さて次に・・・贈与又は遺贈により取得したものとみなす信託に関する権利・義務について確認しておきます。
【学習のヒント】
出題分野:相続 単元グループ:相続と信託 単元:信託制度
- ここまでご説明してきた課税関係を整理しながら・・・
贈与又は遺贈により取得したものとみなす信託に関する権利と義務について確認していきましょう。
まず信託期間中の課税関係をおさらいします。
登場するのは・・・この方たちでしたね・・・
そして信託行為によって・・・このような関係になり・・・
信託財産からの収益が・・・受託者から受益者に給付されます
この場合の給付額に関しては・・・修繕費・固定資産税・管理費等は全て受託者である同族会社が管理し、
建物の減価償却費を計算した結果、受益者への給付は600万円となったものとしています。
《ワンポイントアドバイス》
さてこの時の給付額なのですが・・・給付額をいくらにしようと課税関係に変動はありませんが・・・
全く給付しないと・・・家賃収入に係る所得税等を納税するのに困る場合がありますので注意が必要です。
そのあたりを今度は受益者の義務という側面から確認していきます。
まずは・・・賃貸住宅に関する所得の申告は誰がするのか・・・そして・・・賃貸収入に関する消費税の申告は誰がするのか
さらに・・・所得の計算期間はどうなるの・・・最後に申告する所得の額です。1番目の所得の申告・・・これは受益者が不動産所得として申告します
2番目の消費税の申告・・・これも受益者が行います
それではこれらの申告の際の計算期間はといいますと・・・受託者がこの場合だと法人ですので・・・法人の決算期間・・・
と勘違いする方もいるかもしれませんが・・・受益者の計算期間によりますので・・・この場合個人ですから・・・
1月1日から12月31日となります。
そして最後に申告する収入の額ですが・・・この場合給付された600万円を家賃収入とするのではなく・・・
家賃収入は1,000万円とし、そこから信託に係る費用を計上して申告します。
《ポイント》相続税法第9条の2では、信託財産に属する資産・負債は、受益者が有するものとし、信託財産から生ずる収益・費用は、受益者に帰属するものとみなされる
と・・・規定しています。
そして次は・・・信託終了時の権利と義務を確認いたします。
【学習のヒント】
出題分野:相続 単元グループ:相続と信託 単元:信託制度
- いよいよ『信託制度を知ろう』・・・という今回のお話しのしめくくりとなります。
信託が終了した時点での権利・義務を確認いたします。
信託終了時には・・・終了直前の受益者と終了時に残余財産がある場合のその財産の帰属権利者が現れます。
その2者の関係で権利・義務が異なります。
まず・・・直前の受益者と残余財産の帰属権利者が同一の場合・・・
この場合は・・・『信託終了の前後』で経済価値が移動しないので課税関係は生じません。

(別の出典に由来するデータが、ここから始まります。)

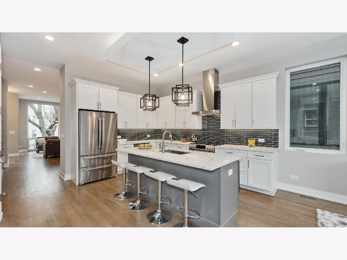 Stylish and spacious 4 bedroom, 3.5 bath home in a spectacular Humboldt Park / South Logan Square location! Designed and constructed with an exceptional level of detail, this home features a contemporary and sleek facade with floor-to-ceiling Oknoplast windows that flood the home with natural light! This 3100 sqft floor plan has an open living/dining room with tall ceilings and a gas fireplace while the separate & spacious family room adjoins a Chefs kitchen complete with Bosch appliances, a large island with counter seating, quartz countertops, and maximum storage including a pantry! The home's upper level features three large bedrooms and two full bathrooms including a primary suite with two walk-in closets, a spa-quality bath featuring a frameless glass shower, full-body sprays, rain shower head as well as a dual vanity & radiant heated flooring! The lower level provides an oversized recreation room with a wet bar, a sizable 4th bedroom, and an additional full bath also with a glass shower. Completed in 2019 this home is very lightly lived in and is better than new with a number of key improvements throughout including custom closet systems, window blinds, additional exterior fencing (ideal for pets!), and an expansive rooftop deck constructed entirely of MoistureShield composite decking that is scratch resistant and developed to significantly reduce heat absorption! No expenses spared and move-in ready! Unbeatable location with easy access to parks, the 606, and public transportation. This terrific treelined street is close to it all and surrounded by a number of Chicago's premier destinations for dining and nightlife including the heart of Armitage Ave's commercial district. Welcome home!

どこかで聞いた表現ですね・・・そうです自益信託の課税関係の表現と同じですね。
それでは・・・直前の受益者と残余財産の帰属権利者が同一ではない場合はどうなるか・・・
この場合は・・・『信託終了の前後』で経済価値が移動しますので課税関係が生じます。
この表現は・・・そうです・・・他益信託の課税関係の表現と同じです。
すなわち・・・信託の終了が受益者の死亡による場合は・・・遺贈とみなし・・・死亡でない場合は・・・
贈与とみなして課税関係が生じることになります。
《ポイント》
さて・・・信託の基本的なしくみや課税関係の概要はご理解いただけましたでしょうか・・・
別の機会に、より具体的に信託を使った相続対策をお話いたしますが・・・
ここまで繰り返し確認してきた『課税関係』でお気づきになったことはありませんか?
それは・・・信託は『財産管理の手法』であって『税務対策』ではないことと。
信託財産に対しては、受益者を所有者と考えて課税されるということです。
『信託』は、財産を所有する者の・・・『想い』を実現するための手段と考えて有効な活用を考えてください。